Friday, August 14, 2009
Okay, so I've been thinking, and I've decided something major about this blog.
About fifteen minutes ago I was watching a review video about Gayle Forman's If I Stay (good book, BTW--I think I'll review it next week when I've had the chance to reread it), and I was thinking, "I like how she doesn't only review new books, just the ones she's just read." (I'd watched a few videos by the reviewer in question.) So then I thought, "I wish I could do that." Not only review older books when I read them, but also review books in a way that doesn't have to sound all scripted-School-Library-Journal-Booklist-professional-MBA-type. And then I thought, Well, you do have a blog, where you REVIEW YA BOOKS.
Thus, two major changes:
I will review whatever (YA) book I am reading at the time, and it will probably not be professional. If this bothers you in any way, sorry. (If anyone actually reads this.)
Now on to the review.
All We Know of Heaven by Jacquelyn Mitchard
This book is about two girls who have been best friends since grade school, Bridget Flannery and Maureen O'Malley. They are really close and look very much alike. One December night, when they're driving home after cheerleading practice, they get into a horrible accident. Both girls are criticially injured, and one dies on arrival. The other is in critical condition. The girl dead is identified and buried (I can't tell you who's who, because I have a no-spoiler-unless-it's-on-the-book-jacket rule).The dead girl is is mourned, and the community rallies around the other as she eventually wakes up and begins a slow transition back into normal life (and I mean slow).
But the story doesn't end there. One day, a dental specialist comes to the hospital where the alive girl is at and checks her teeth. Everything seems perfectly normal, but as the doctor checks the records against the girl's teeth before the accident, he slowly comes to realize that the hospital has made a horrible mistake...
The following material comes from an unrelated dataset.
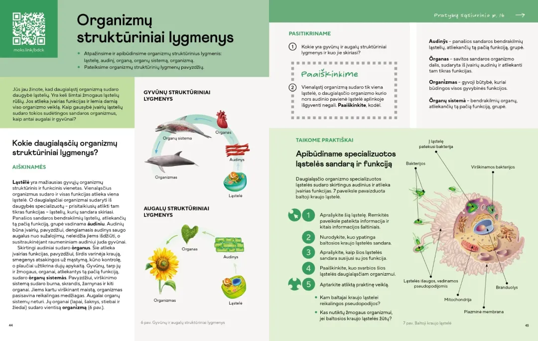 Laidiniuose išskirtos ir paaiškintos temos sąvokos, pateikti mokymosi etapai. Skaitmeninis turinys vadovėlyje pateiktoms užduotims atlikti ar susipažinti su papildoma informacija.
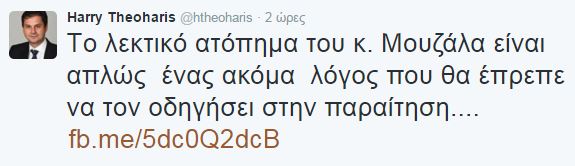 Ο Χάρης Θεοχάρης με ανάρτηση στα κοινωνικά δίκτυα όπου παραθέτει την ακριβή αναφορά του, σχολίασε: «Tο λεκτικό ατόπημα του κ. Μουζάλα είναι απλώς ένας ακόμα λόγος που θα έπρεπε να τον οδηγήσει στην παραίτηση. Διπλωματικά σαρδάμ δεν υφίστανται».

Basically, I have to say that I really liked this book. Mitchard--who is the author of many bestseller adult novels--tells the story of Bridget and Maureen without sounding boring, blase, repetitive, or extremely cliche. The characters seem real enough that even when they're doing something completely wrong, stupid, mean, or just evil, you understand what they're doing and their reasoning behind it. The dialogue doesn't seem forced, nor does the ending. Basically, this is a book that you really should read. And, like, it's good, and all. Yeah.
$16.99 / buy here
Jamie and Lance arrive at play practice with matching hickeys on their necks. I've never understood the appeal of hickeys. It's like, "Hey, I'm into you, so let me give you a bruise. I'll just latch onto your neck like a leech and suck on your skin until I break enough blood vessels to leave a mark. That way everyone will know just how much I care about you."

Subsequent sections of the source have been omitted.